The fuel read EMPTY and the engine began to sputter. By Obi-Wan's reckoning he was still at least twenty kilometers from Anakin. He had no choice. He had to land.
He pulled the swoop into a cave, entering the coordinates on his datapad. He might need it later, if he could find some fuel. He started to walk.
It was hard going. Obi-Wan hiked up and down steep slopes of thin rock shale that occasionally broke into dangerous rockslides. At last he stopped to rest when the source of the tracking device's transmission was in sight.
Obi-Wan studied the camp through his electrobinoculars. The good news was that the perimeter security wasn't heavy, most likely because the camp relied on its inaccessibility.
He had reached the heart of the Tomo Craters. A careful survey of the ground made Obi-Wan conclude that camp security was correct not to worry about escaping prisoners. If Obi-Wan could manage to scramble up and down cliffs and hike through canyons without disturbing a nest of gundarks or getting attacked by various other horrifying creatures, he might make it to the outskirts of the camp. Then he would have to scale a sheer rock wall two hundred meters high. He would be vulnerable with every centimeter he traveled. It would be better to go in by air.
Of course, he didn't have a transport. That could be a problem.
He sat on a high peak, underneath an outcropping of rocks. He watched the camp operations for the rest of the waning evening. Transports flew in and out in a regular pattern, ferrying supplies and possibly carrying troops back and forth. Obi-Wan guessed that the camp must also be a base of some sort.
He could wait for a few days to see if his message had reached the Temple. But what if it hadn't?
Rescue was his first priority. He had to get that disk to Typha-Dor.
And if Anakin didn't have the disk, what would you do? If Shalini had given it to you, would you take it to Typha-Dor and abandon him?
The answer should have been easy. As a Jedi, his commitment was to the galaxy. He would have had to go to Typha-Dor without Anakin. Would he have attempted a rescue anyway, knowing that Anakin would be waiting for him? He was glad he didn't have to make that choice.
The flight pattern of the ships was always the same. They dipped low as they came in, then landed close to the edge of the plateau, where a short landing pad was surrounded by energy fencing.

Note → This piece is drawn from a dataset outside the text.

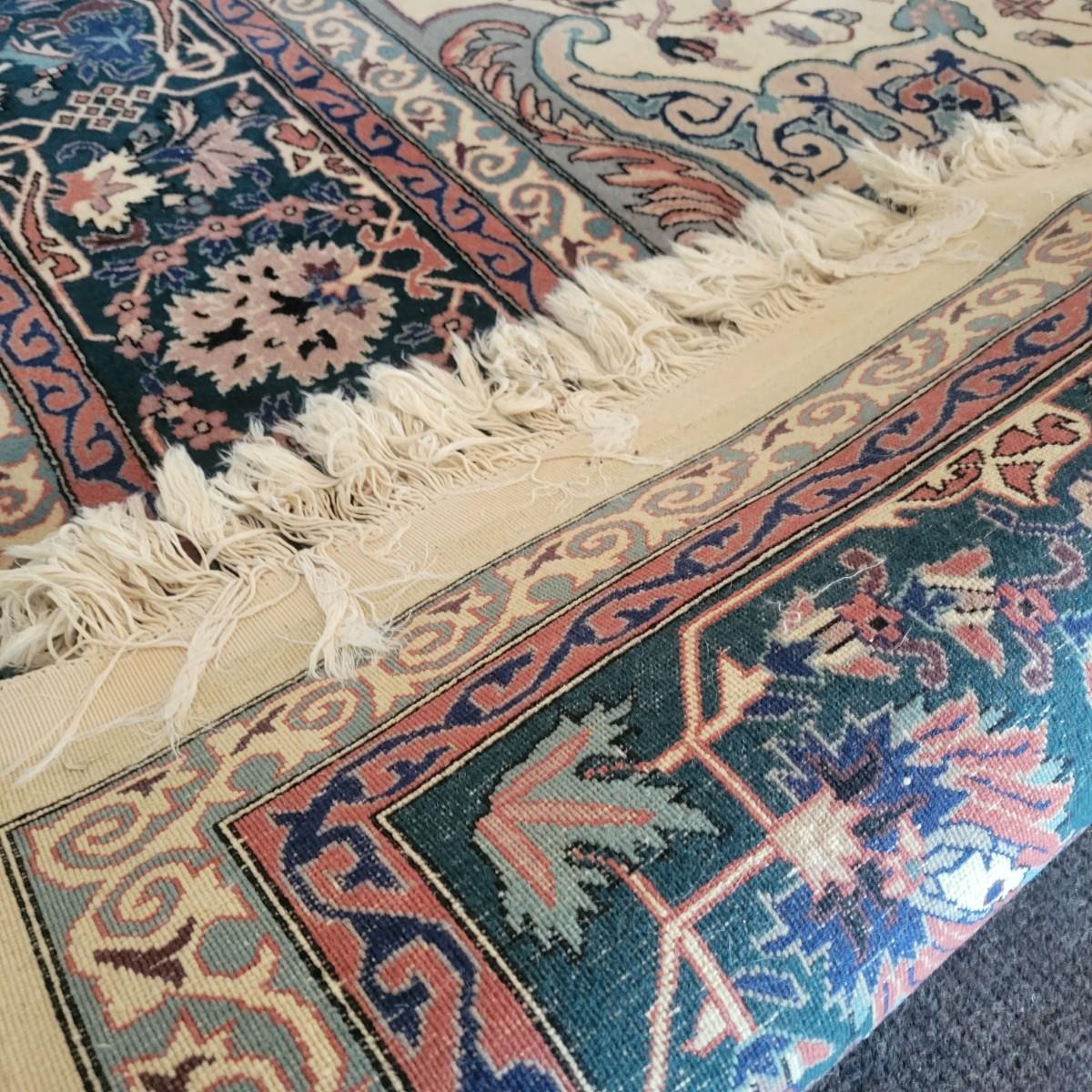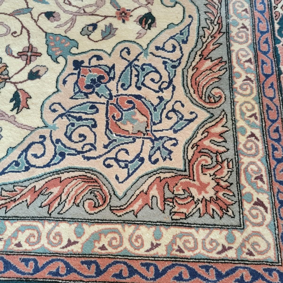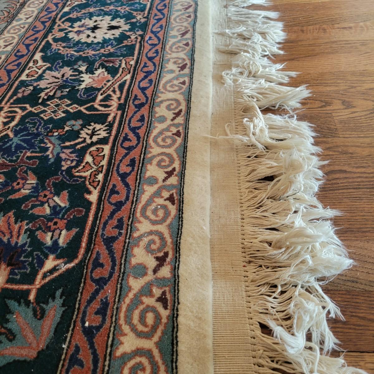 A large wool area rug in good condition with some minor staining on the tassels. This rug features vibrant hues of green, burgundy, orange and cream in a floral motif. It measures approximately 155" x 110". Local pickup only. Winning bidder will need to bring assistance to move due to weight and bulkiness.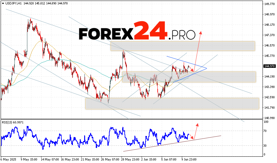 USDJPY Forecast Japanese Yen for June 11, 2025 suggests an attempt to develop a bullish correction with a test of the support zone near the level of 144.35. Then, the continuation of the bullish momentum of quotes to the area above 147.45. In favor of the rise of the pair will be a test of the trend line on the relative strength indicator. The growth option will be canceled by the quotes falling and breaking through the 143.65 area. This will indicate the breakdown of the support level and the continuation of the pair growth with a potential target below the 141.65 level.

Obi-Wan surveyed the area carefully. He thought back on the beginning of the mission, when he'd been brooding about how careful he had become, how much he now weighed risks and thought things through.
Well, he had thought things through, and he had decided that this plan was crazy. He could get pummeled by rocks. He could crash into a crater hundreds of meters below. He could be spotted and blasted into thin air.
All of these scenarios were likely. It was a risky plan. It bordered on stupid.
Which meant that perhaps he wasn't so careful after all.